SUPPLIED DATA
━━━━━━━━━━━━━━━━━━━━

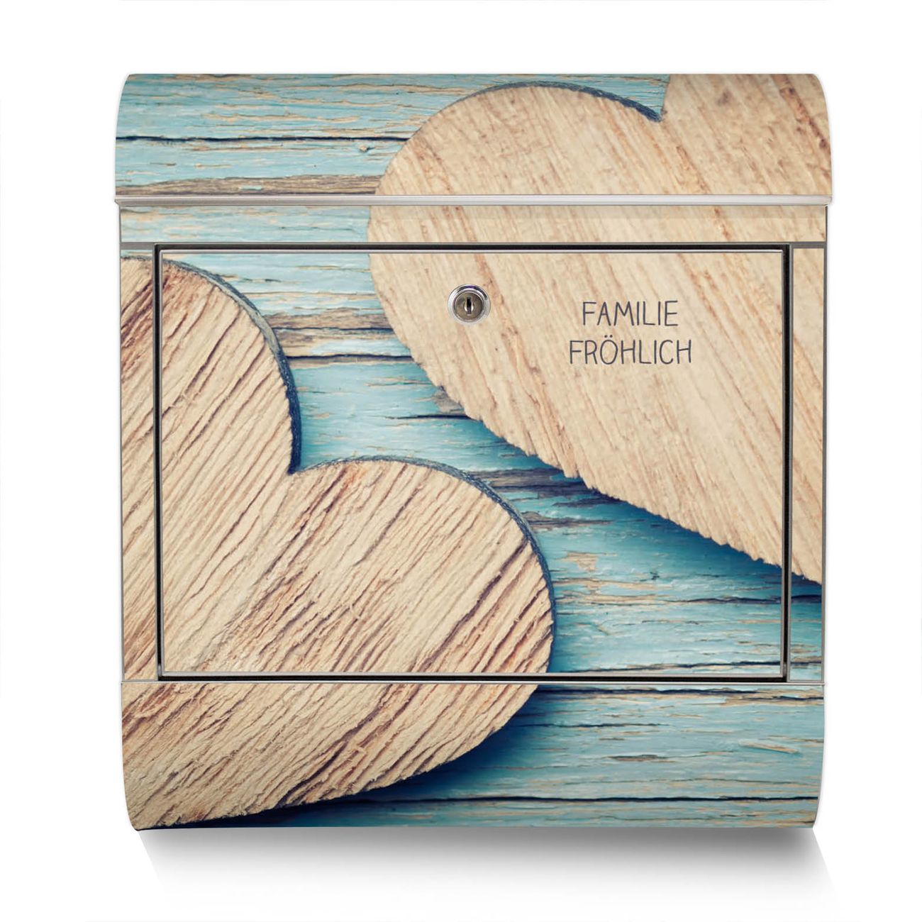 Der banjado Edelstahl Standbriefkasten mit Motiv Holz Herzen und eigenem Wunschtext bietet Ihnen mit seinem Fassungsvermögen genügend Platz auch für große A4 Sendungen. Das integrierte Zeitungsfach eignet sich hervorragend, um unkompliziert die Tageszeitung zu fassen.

━━━━━━━━━━━━━━━━━━━━

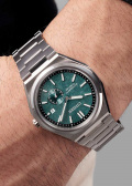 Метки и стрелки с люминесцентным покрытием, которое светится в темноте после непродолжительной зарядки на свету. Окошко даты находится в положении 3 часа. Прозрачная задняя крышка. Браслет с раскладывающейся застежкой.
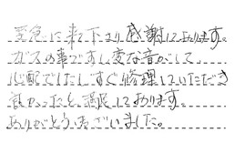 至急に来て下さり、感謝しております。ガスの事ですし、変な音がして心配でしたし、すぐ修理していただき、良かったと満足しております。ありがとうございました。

━━━━━━━━━━━━━━━━━━━━

TASK INSTRUCTIONS
Would you restate, exactly and with no pictures, the lines of the entries above from the one containing "Метки и стрелки" through the one containing "至急に来て下さり、感謝してお"?

SOLUTION FOR THIS TASK
 Метки и стрелки с люминесцентным покрытием, которое светится в темноте после непродолжительной зарядки на свету. Окошко даты находится в положении 3 часа. Прозрачная задняя крышка. Браслет с раскладывающейся застежкой.
 至急に来て下さり、感謝しております。ガスの事ですし、変な音がして心配でしたし、すぐ修理していただき、良かったと満足しております。ありがとうございました。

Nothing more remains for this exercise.